You’ll see a lot of places, in the CG world, where this “mapping” technique is used. For example, you can clothe a character by painting a picture of clothes and wrapping it around him. You can have bump-maps; shadow maps; even displacement-maps. What you are achieving is the effect of what would otherwise require complex geometry (and the laborious calculations to match!) without all that work.

It’s a weird world we work in… (right now at least) we build three-dimensional models to produce what is ultimately going to be a two-dimensional output. These mapping techniques work that fact to our mutual advantage: “if the arrangement of pixels on the final 2D image is the same, or almost the same, with this technique that is vastly easier for the computer to do, who’s to know?” You feel like David Copperfield sometimes; producing something that looks so real but is so false…

yup, all textures work with bumpmapping now… pretty good actually.

.andy

Can you used uvmaped textures?

You probably would, to get a golf-ball.

The word “texture,” in human parlance, is really a much more limited use of the word than the CG meaning. In the world of the computer, a texture can affect many variables: what a surface looks like; how it scatters light; bumpiness; the degree of transparency.

In the Map To… page of the texture buttons, I see a total of 13 variables that a texture can affect – in different amounts and in any combination.

How that texture gets there … now, basically it’s either a procedural-texture, computer generated like “Marble,” or it is mapped from an external image. In the case of golf, an image would be the logical choice. (Search for “golf ball” [all terms] on this site and you can see exactly how it’s done.)

You can also use a bump map to deform the mesh itself. This involves the DISPLACE SLIDER on the bottom of the MAP TO SETTINGS. You can use a bump map to make hight fields (terrain and yes the surface of a golf ball). As the deformation only moves in one direction no matter what primative your using it’s a bit more work for adding it to a sphere.

Recomends for this type of displacement.

  1. Many vertices as the displacement is moving the verticies present in the mesh it won’t add to them (perhaps it should in the future).

  2. The greyscale image is what is used. If you use a color image blender will convert the data to greyscale. This is both good and bad in that you need not create a greyscale image to map the bump but you may get unexpected results if you don’t. As it is based on the lightness or darkness of the image.

  3. Procedurals work reall good for this type but you can take an image convert it to greyscale and give a 2D image a 3D height field (psudo 3D model).

As for using Bumps in NOR mode.
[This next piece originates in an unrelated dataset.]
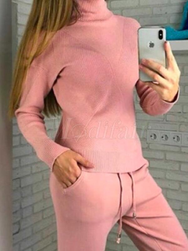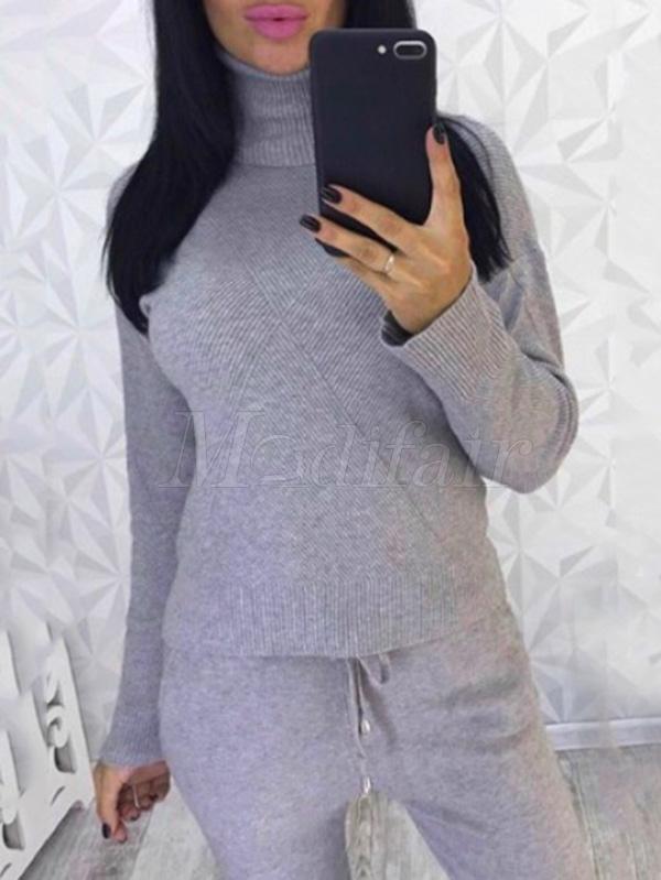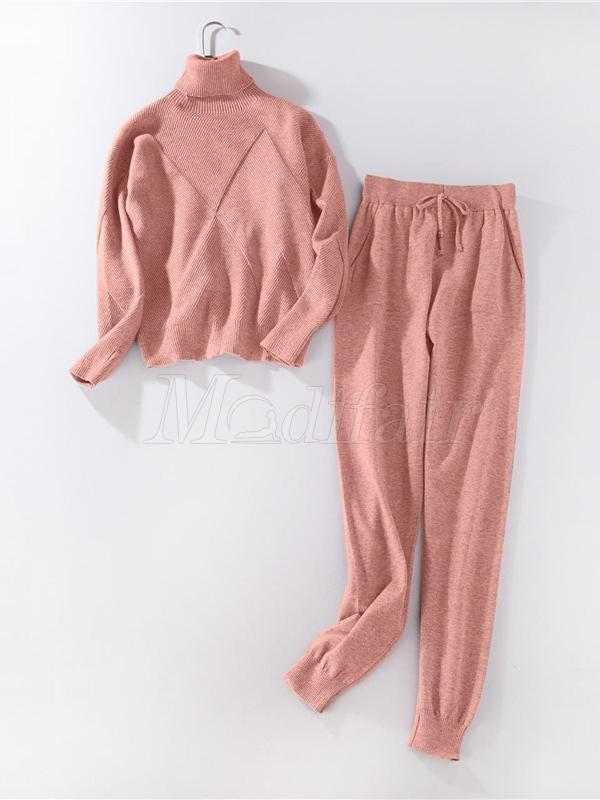 High-neck Rhombic Knitting Sweater and Pants Suits
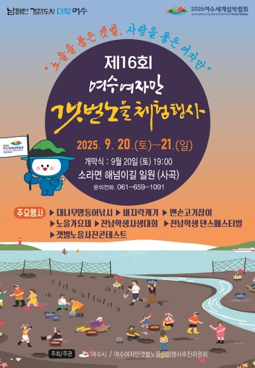 정기명 시장은 “여자만의 갯벌과 노을을 배경으로 한 이번 행사는 단순한 축제를 넘어 자연과 사람, 환경이 어우러지는 의미 있는 시간으로 준비했다”며 “많은 시민과 관광객이 안전하고 즐겁게 참여해 가을의 낭만과 함께 여수의 매력을 만끽하시길 바란다”고 말했다.

One thing to remember is that it’s an illusion not a physical deformation. If for instance you add a bump map to make the shutters on your modelled house look like they have depth the lessor the angle to the shutters from the camera the more you will notice it’s not 3D. It’s kinda like adding drop shadow in PSP or other 2D graphics software. You see the shadow but the closer you get to the plane of the object the less you see the shadow until it’s gone altogether.

So as long as your bump mapped surface doesn’t pertrude to far beyond the angle of incidence with the camera it will work quite well. The problem is that you are restricted to those angles with in that.

Ronson2k

In the Map To panel for the texture, choose UV - you’ll have to add the image as a usual texture as well as in face-select for this to work.